Asked by Anonymous
A girl of mass 48.0 kg is rescued from a building fire by leaping into a firefighters net. The window from which she leapt was 12.0 m above the net.She lands in the net so that she is brought to complete stop in 0.45 s.During this interval what is her change in momentum?
Answers
Answered by
oobleck
mgh = 1/2 mv^2
So, v^2 = 9.81*12*2 = 235.44
her momentum upon impact was p = mv = 48 * 15.34 = 736.51 kg-m/s
So, ∆p = -736.51 kg-m/s
maybe you want the rate of change of p. In that case, just divide by 0.45s
So, v^2 = 9.81*12*2 = 235.44
her momentum upon impact was p = mv = 48 * 15.34 = 736.51 kg-m/s
So, ∆p = -736.51 kg-m/s
maybe you want the rate of change of p.
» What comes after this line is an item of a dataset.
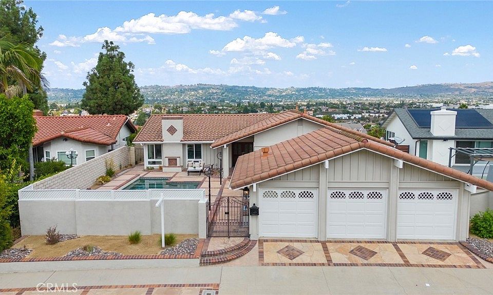 Single story mid-century modern home with fabulous VIEWS and POOL. Located on a single loaded street, this floorplan and design will not disappoint you. Splashy pool and spa are in the gated front yard and is designed as a resort style living from the grand courtyard entry all the way to the backyard. Tasteful drought tolerant plants are part of the resort themed areas from the walkways to the backyard. Grand porch double door entry into this upscale 4 bedrooms and 2 bathrooms, adds to this charming beauty. Master suite has large open closet with closet system, views and slider to backyard. 1 bedroom has 2 entrances, including a French Door entrance…great for a home office. Smooth surface lightly colored flooring throughout. Inside laundry room has private door to the exterior courtyard. Kitchen has been updated with granite counters. Kitchen opens up to family room with a breakfast bar. Family room has high beamed ceilings and picture views of the hills. Master suite, family room, kitchen and dining room have incredible views of the hills. Formal living and dining room have high beamed ceilings. Home has AC condenser, updated flooring, updated paint and updated windows. Backyard includes patio, outdoor living, and BBQ area to enjoy the La Habra views. This home is located on the border of Fullerton and close to Laguna Lake and trails.

In that case, just divide by 0.45s
Answered by
Amjad Ali
It was very helpful
Answered by
Zubair
Good
Answered by
Anonymous
Solution is not right
Answered by
Mishi
Good
Answered by
Anonymous
Wrong solution . your answer is wrong
Answered by
Aqsa Akram
I think its change in momentum as girl was leaping from height so the initial velocity is zero and final velocity simply can be derived from equation of motion.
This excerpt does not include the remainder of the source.